EXERCISE DESCRIPTION
Below are some entries. Transcribe the lines from the one holding "2019年3月7日,由天津市" to the one holding "- The historic", inclusive, but not the pictures among them.

LISTED RECORDS
*** Block opens ***

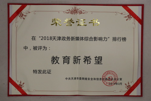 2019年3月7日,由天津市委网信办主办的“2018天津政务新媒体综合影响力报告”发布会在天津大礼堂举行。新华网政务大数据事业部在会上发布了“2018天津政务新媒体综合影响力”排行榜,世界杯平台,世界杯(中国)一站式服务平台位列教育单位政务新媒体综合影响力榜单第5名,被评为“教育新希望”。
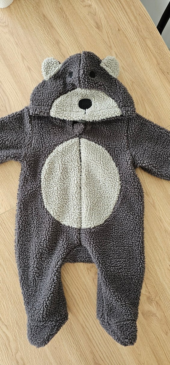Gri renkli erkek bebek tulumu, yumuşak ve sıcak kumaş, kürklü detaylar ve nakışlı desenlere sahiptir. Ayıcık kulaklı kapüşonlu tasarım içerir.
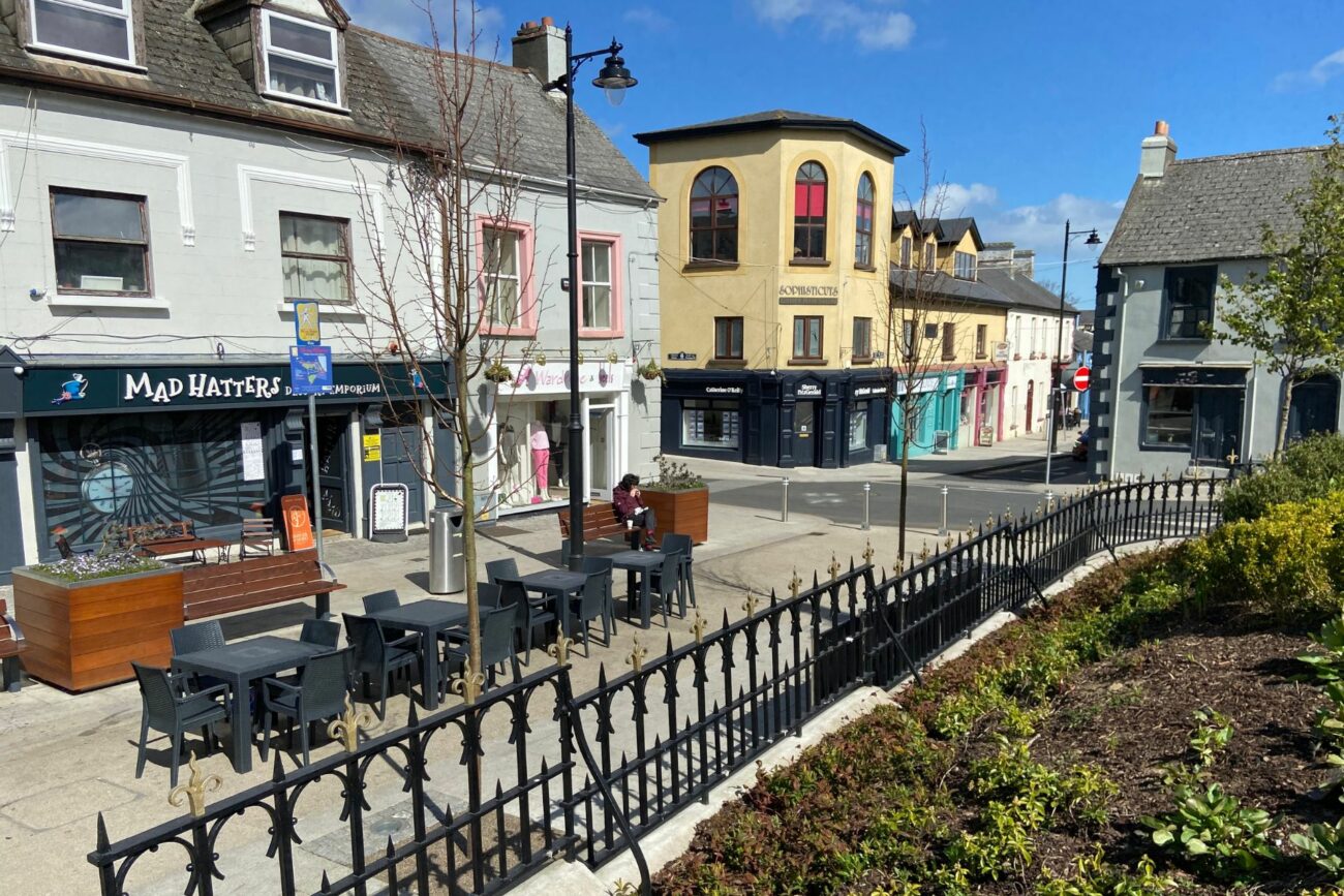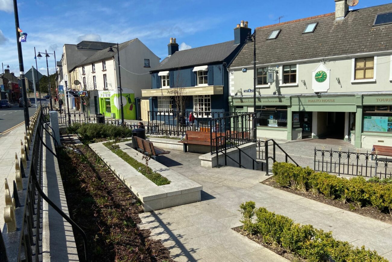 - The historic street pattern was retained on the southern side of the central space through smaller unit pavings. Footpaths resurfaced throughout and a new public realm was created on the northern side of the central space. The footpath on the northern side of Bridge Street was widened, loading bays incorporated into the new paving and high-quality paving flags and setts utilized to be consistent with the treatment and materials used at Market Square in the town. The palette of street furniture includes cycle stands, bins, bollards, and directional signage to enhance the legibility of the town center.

*** Block closes ***
*** Block opens ***

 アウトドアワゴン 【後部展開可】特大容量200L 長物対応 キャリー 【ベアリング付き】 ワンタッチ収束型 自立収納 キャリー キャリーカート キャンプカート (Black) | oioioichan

*** Block closes ***
*** Block opens ***

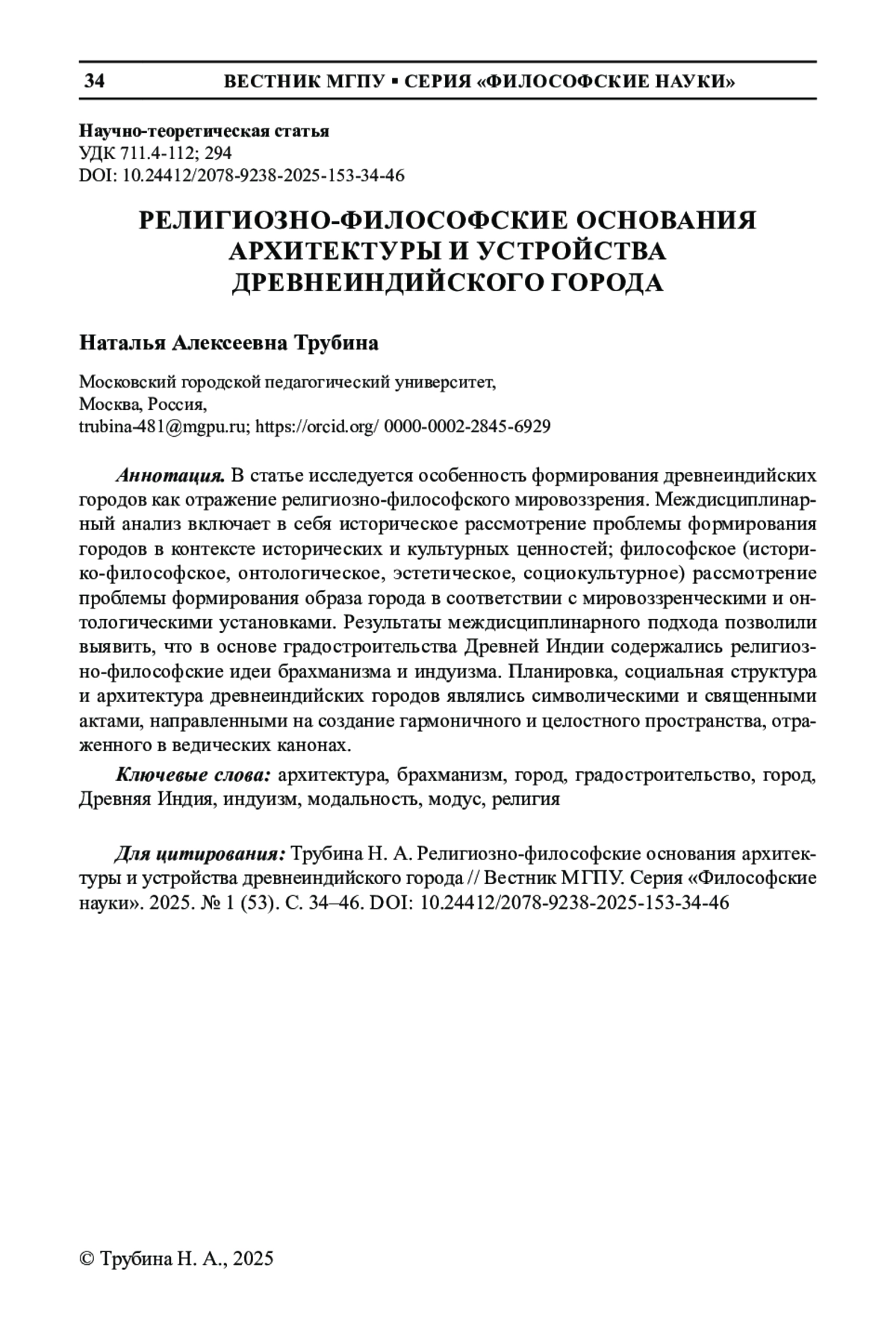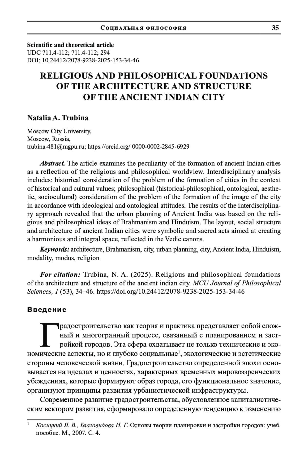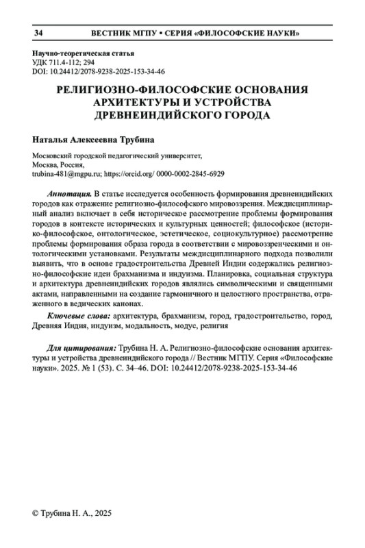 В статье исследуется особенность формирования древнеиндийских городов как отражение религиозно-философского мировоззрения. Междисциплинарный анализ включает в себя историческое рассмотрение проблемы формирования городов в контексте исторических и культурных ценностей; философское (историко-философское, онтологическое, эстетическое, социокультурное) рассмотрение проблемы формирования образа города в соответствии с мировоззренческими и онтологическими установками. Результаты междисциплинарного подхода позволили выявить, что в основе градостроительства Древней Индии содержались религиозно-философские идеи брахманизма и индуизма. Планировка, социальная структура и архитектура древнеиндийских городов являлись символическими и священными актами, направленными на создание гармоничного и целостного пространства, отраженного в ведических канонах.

*** Block closes ***

RESULT OF THIS TASK
 2019年3月7日,由天津市委网信办主办的“2018天津政务新媒体综合影响力报告”发布会在天津大礼堂举行。新华网政务大数据事业部在会上发布了“2018天津政务新媒体综合影响力”排行榜,世界杯平台,世界杯(中国)一站式服务平台位列教育单位政务新媒体综合影响力榜单第5名,被评为“教育新希望”。
Gri renkli erkek bebek tulumu, yumuşak ve sıcak kumaş, kürklü detaylar ve nakışlı desenlere sahiptir. Ayıcık kulaklı kapüşonlu tasarım içerir.
 - The historic street pattern was retained on the southern side of the central space through smaller unit pavings. Footpaths resurfaced throughout and a new public realm was created on the northern side of the central space. The footpath on the northern side of Bridge Street was widened, loading bays incorporated into the new paving and high-quality paving flags and setts utilized to be consistent with the treatment and materials used at Market Square in the town. The palette of street furniture includes cycle stands, bins, bollards, and directional signage to enhance the legibility of the town center.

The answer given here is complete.